▶ _Prompt_: Among the entries below, how many lines contain "Color"? Answer with the number only.

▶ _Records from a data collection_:
----

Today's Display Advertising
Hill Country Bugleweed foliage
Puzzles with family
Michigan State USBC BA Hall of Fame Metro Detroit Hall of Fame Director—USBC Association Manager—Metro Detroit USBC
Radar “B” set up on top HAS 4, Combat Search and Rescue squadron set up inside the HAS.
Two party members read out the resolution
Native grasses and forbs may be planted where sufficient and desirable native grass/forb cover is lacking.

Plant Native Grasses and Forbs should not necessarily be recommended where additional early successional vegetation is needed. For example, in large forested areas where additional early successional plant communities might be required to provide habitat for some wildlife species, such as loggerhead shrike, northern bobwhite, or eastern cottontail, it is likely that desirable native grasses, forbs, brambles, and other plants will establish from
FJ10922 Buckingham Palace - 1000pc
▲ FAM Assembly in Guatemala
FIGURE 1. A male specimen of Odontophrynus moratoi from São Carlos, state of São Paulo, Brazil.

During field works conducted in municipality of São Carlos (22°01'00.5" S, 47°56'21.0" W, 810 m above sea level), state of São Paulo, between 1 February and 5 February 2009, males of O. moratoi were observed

----

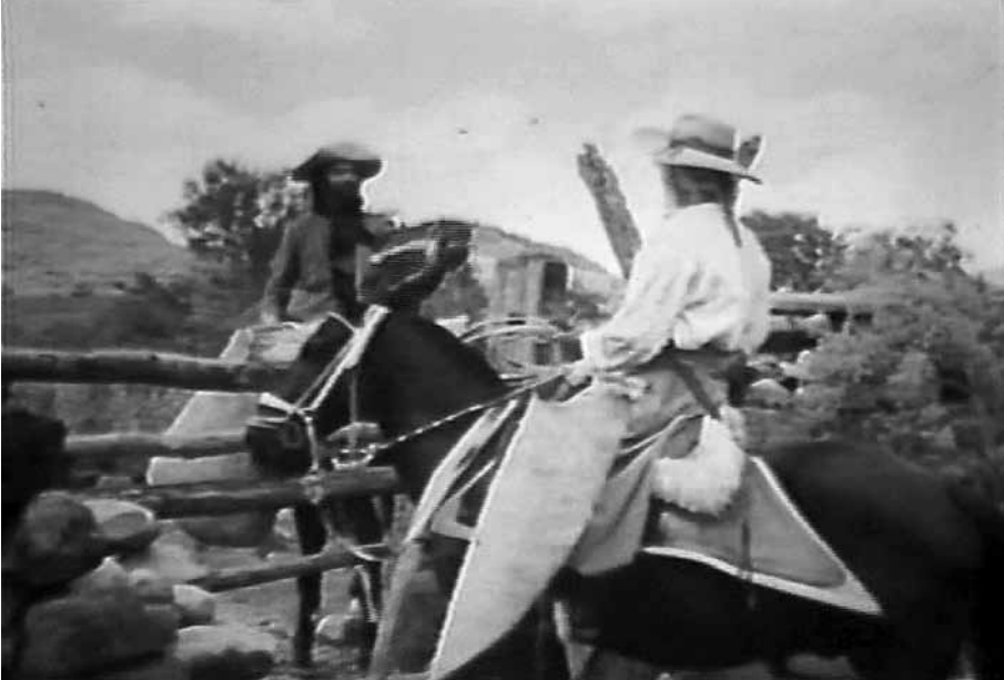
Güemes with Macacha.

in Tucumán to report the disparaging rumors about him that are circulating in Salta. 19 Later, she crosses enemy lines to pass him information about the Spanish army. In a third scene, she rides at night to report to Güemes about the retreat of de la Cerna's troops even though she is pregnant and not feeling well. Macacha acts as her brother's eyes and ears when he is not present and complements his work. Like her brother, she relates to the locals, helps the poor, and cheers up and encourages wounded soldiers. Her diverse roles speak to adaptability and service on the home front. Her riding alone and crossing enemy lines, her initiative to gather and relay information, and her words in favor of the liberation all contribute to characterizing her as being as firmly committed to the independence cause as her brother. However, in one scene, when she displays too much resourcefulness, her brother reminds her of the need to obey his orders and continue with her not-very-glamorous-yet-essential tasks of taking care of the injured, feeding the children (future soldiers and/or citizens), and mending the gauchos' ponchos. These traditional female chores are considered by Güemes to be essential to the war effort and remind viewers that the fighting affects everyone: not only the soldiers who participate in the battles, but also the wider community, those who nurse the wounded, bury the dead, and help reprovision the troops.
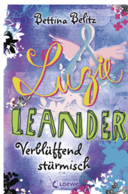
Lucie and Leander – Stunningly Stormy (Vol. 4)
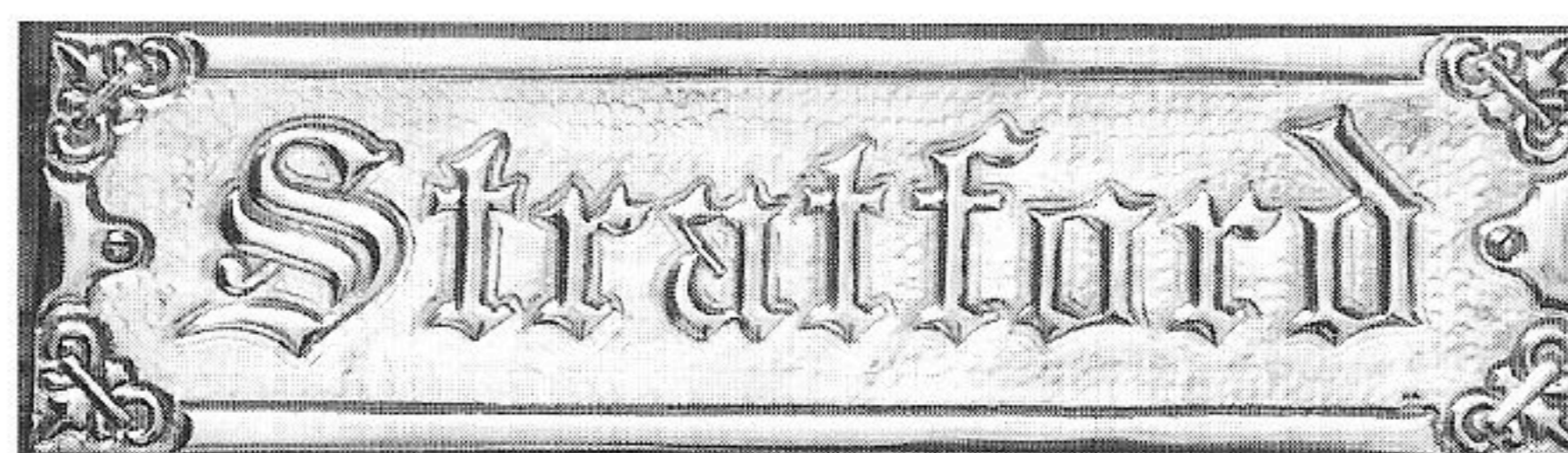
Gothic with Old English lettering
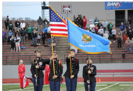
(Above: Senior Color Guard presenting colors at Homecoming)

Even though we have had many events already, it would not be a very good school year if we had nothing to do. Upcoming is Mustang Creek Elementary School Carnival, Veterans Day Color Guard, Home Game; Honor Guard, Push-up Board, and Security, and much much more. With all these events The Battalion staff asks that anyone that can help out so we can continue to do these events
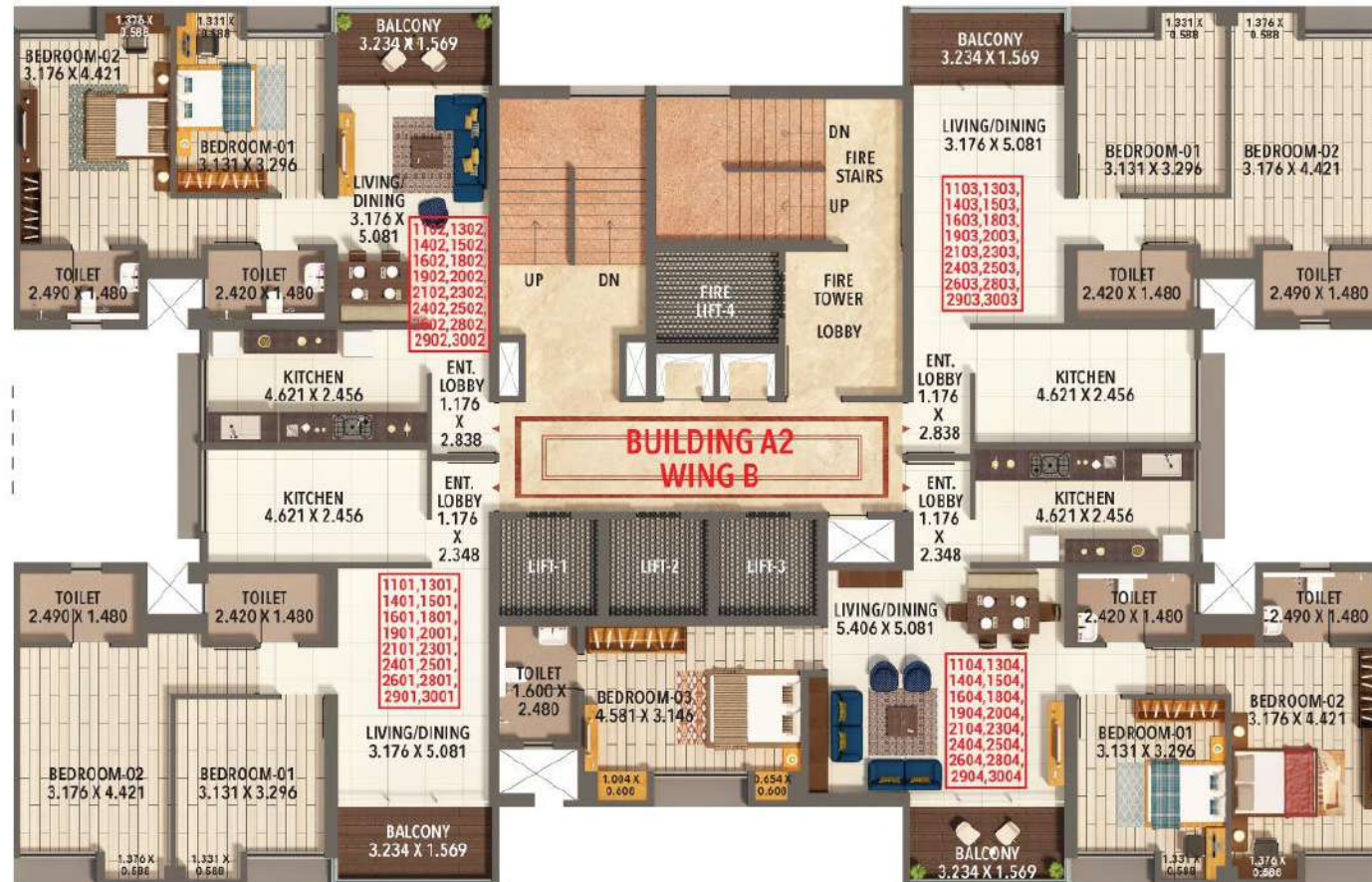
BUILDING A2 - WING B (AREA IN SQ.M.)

----

▶ _Written reply_: 2